NEW YORK: Just five per cent of US cancer survivors are meeting experts’ recommendations on diet, physical activity and cigarette smoking, a new survey shows.

But the more recommendations a cancer survivor did meet, the better his or her health-related quality of life (HRQoL), Dr Christopher Blanchard, of Dalhousie University in Halifax, Canada, and colleagues found.

“It appears that meeting multiple lifestyle recommendations may not only be beneficial from a cancer recurrence/mortality perspective, but also from a HRQoL perspective,” they write in the May 1 issue of the Journal of Clinical Oncology.

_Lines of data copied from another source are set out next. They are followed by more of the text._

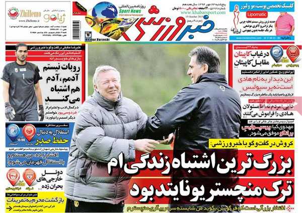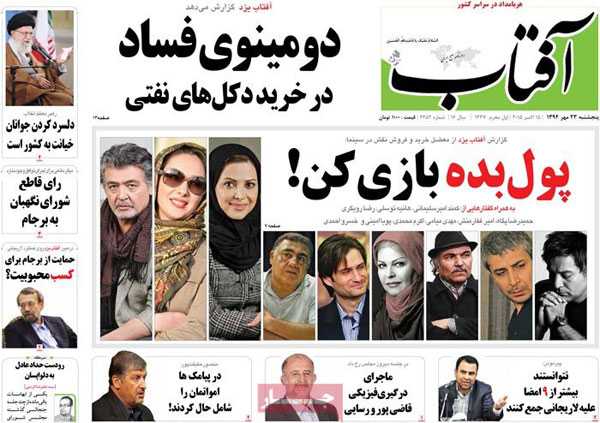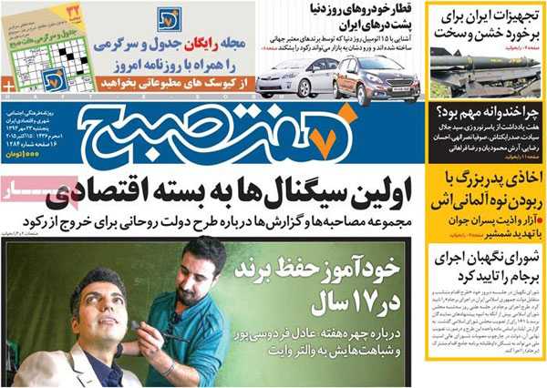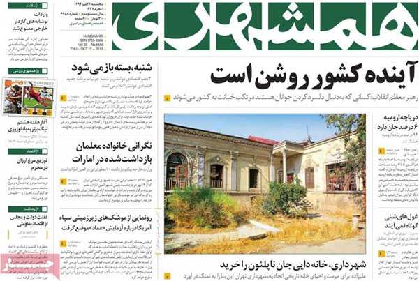 عناوین مهم روزنامه های پنجشنبه ۲۳ مهر ۹۴ ، روزنامه های همشهری ، ابرار، خبر ورزشی ، کیهان ، بانی فیلم ،؛ روزنامه های پنجشنبه در صفحه اول چه چاپ کردند: برجام از شورای نگهبان ...
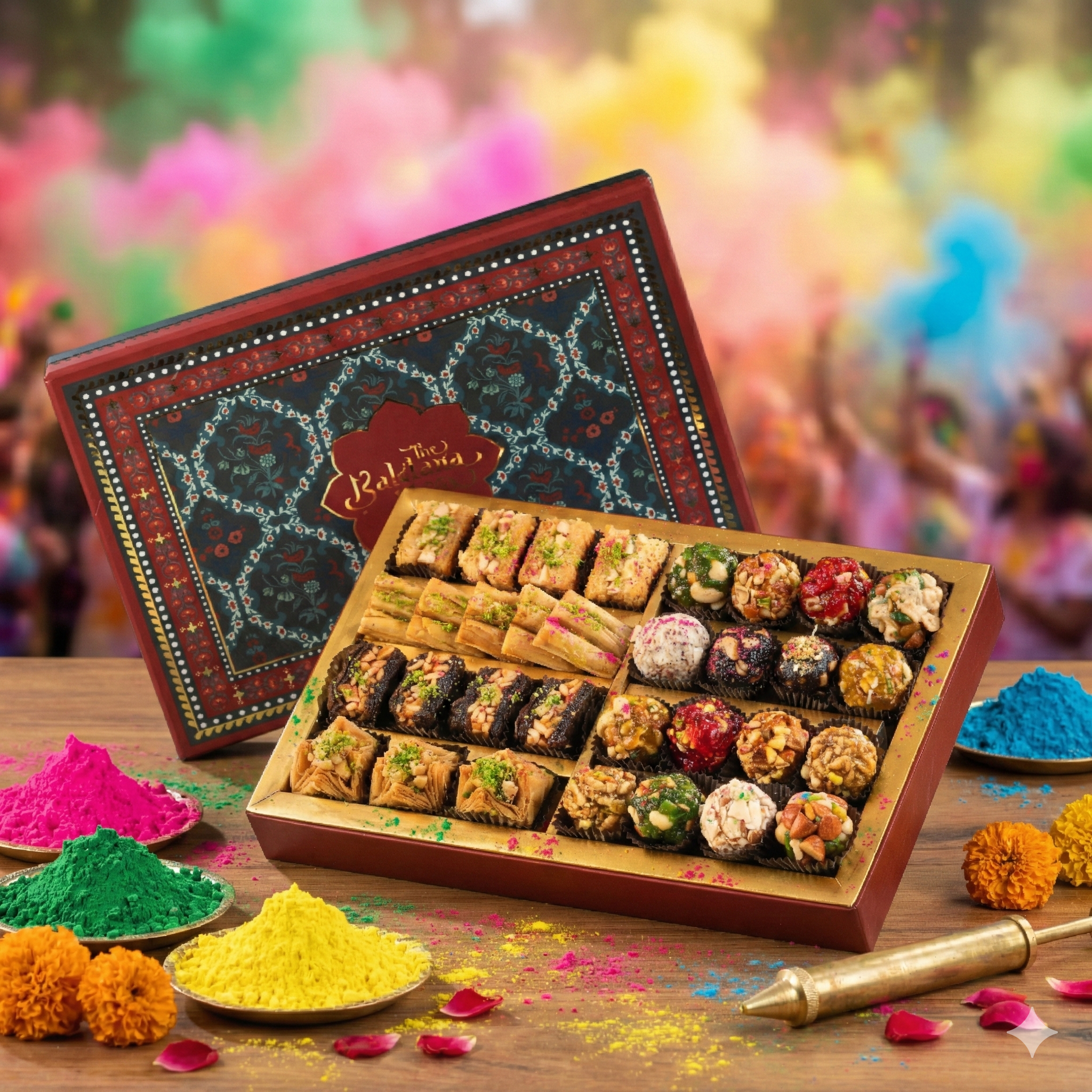 Celebrate the spirit of Holi with a hamper that blends timeless tradition and refined indulgence. Our Holi Baklava & Dryfruit Box features handcrafted baklava layered with rich pistachios, premium walnuts, and golden honeyed sweetness, paired with an assortment of carefully selected dry fruits for a wholesome festive touch.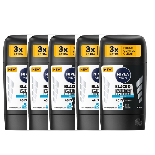 NIVEA Black & White Fresh Antiperspirant Stick - voordeelverpakking - 5 x 50ml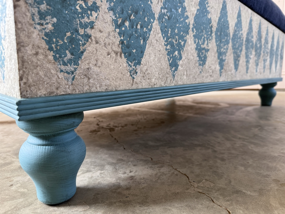 Made from Tulip wood and ply with turned pine feet, decoratively painted using many layers of colours. The blue here is 2052-40 (Benjamin Moore). The paint is then sealed with a diamond hard matt varnish. Upholstered with a vintage Hungarian very heavy linen.
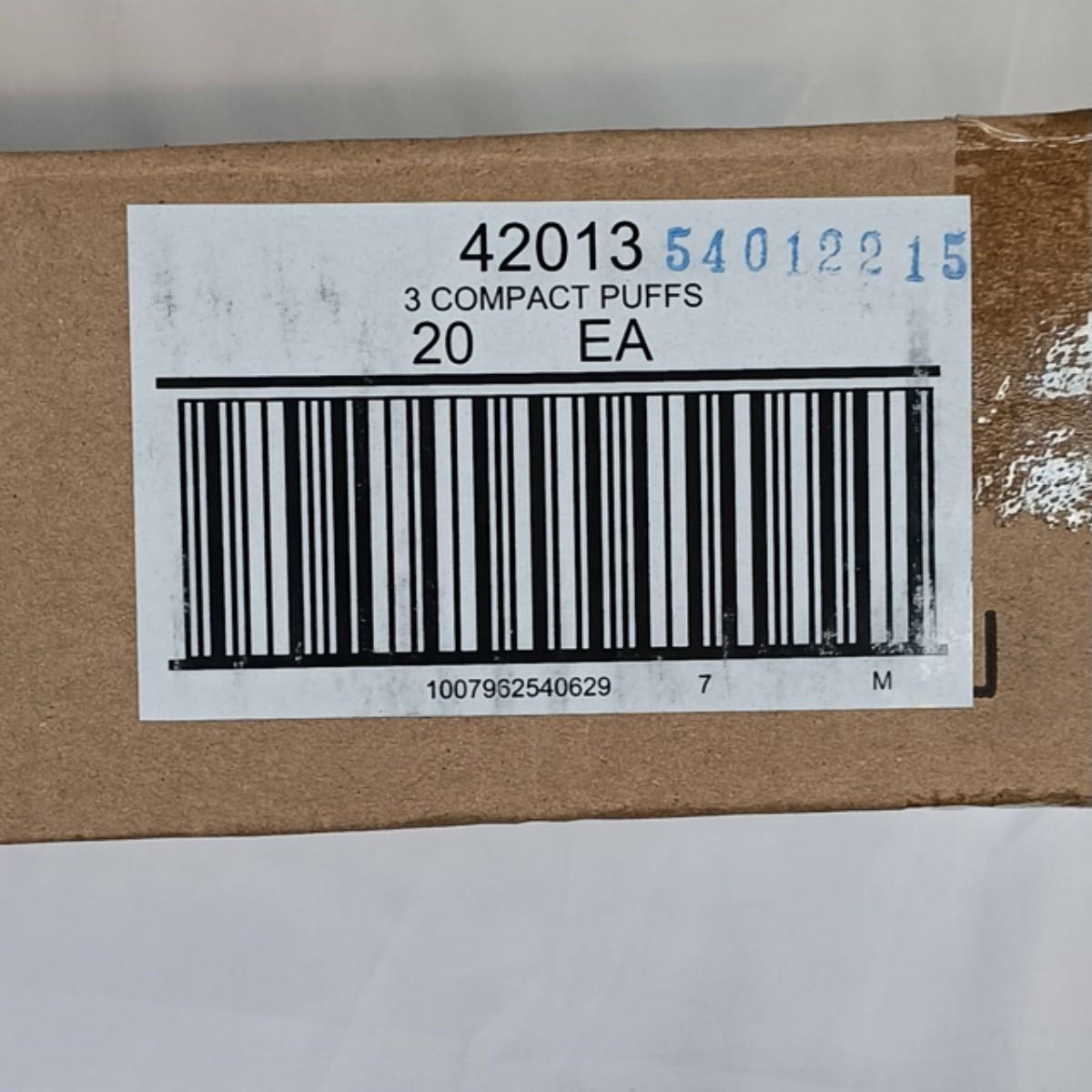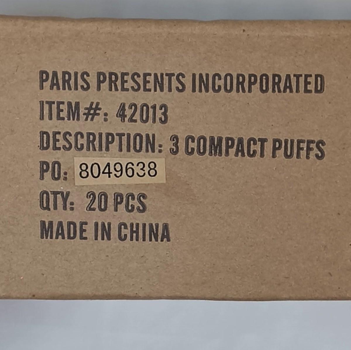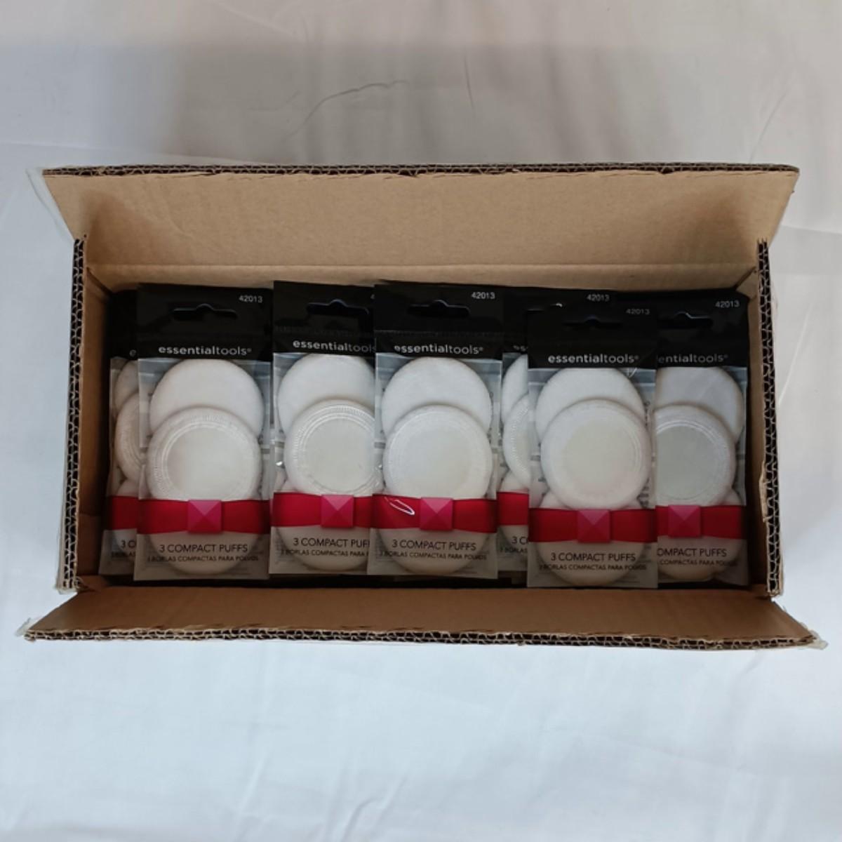 This is a factory sealed box of 20 individual factory sealed packages of compact powder puffs. Each sealed retail package includes 3 powder puffs. This lot includes a total of 60 individual powder puffs.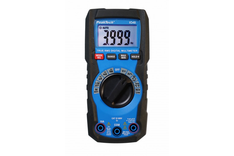 Uusi PeakTech 1041 on kompakti TrueRMS-monitoimimittari kestävässä kotelossa. Tämä uutuus tarjoaa kaikki tärkeät mittausominaisuudet, kuten suora ja vaihtojännitemittaus jopa 600 V asti, suora ja vaihtovirtamittaus jopa 10 A asti, resistanssimittaus, jatkuvuuden testaus ja dioditestaus sekä käytännöllinen paristojen testaus 9 V tai 1,5 V paristoille. Lisäksi tämä malli tarjoaa taajuusmittauksen, kapasitanssimittauksen ja koskettamattoman jännitteenilmaisimen. Mittausalue valitaan automaattisesti tällä laitteella, mikä takaa erityisen helpon käytön, ja mitatut arvot voidaan helposti lukea valaistulta näytöltä. Yksipuoliset vaihetestit voidaan suorittaa LIVE-toiminnolla. Käyttäjän turvallisuus varmistetaan ylikuormituskategoriassa III jopa 600 V asti ja kaksoiseristetyllä kotelolla, jolloin paristot ja laadukkaat keramiikkasulakkeet ovat nopeasti vaihdettavissa laitteen takaosassa sijaitsevan paristotilan kautta.

In 2006, the American Cancer Society issued three recommendations on healthy lifestyle behaviours for America’s more than 10 million cancer survivors: get at least 150 minutes of moderate-to-strenuous exercise, or an hour of strenuous physical activity every week; eat at least five servings of fruits and vegetables daily; and quit smoking. But research done in the US and Australia has shown that many cancer survivors do not follow these recommendations.

To investigate the percentage of US cancer survivors who followed the recommendations, and see if doing so had a relationship to health-related quality of life, the researchers surveyed 9,105 survivors of six different types of cancer.

Roughly 15 per cent to 19 per cent were eating at least five servings of fruit and vegetables daily, the researchers found, while 30 per cent to 47 per cent were getting the recommended amount of exercise. From 83 per cent to 92 per cent had quit smoking.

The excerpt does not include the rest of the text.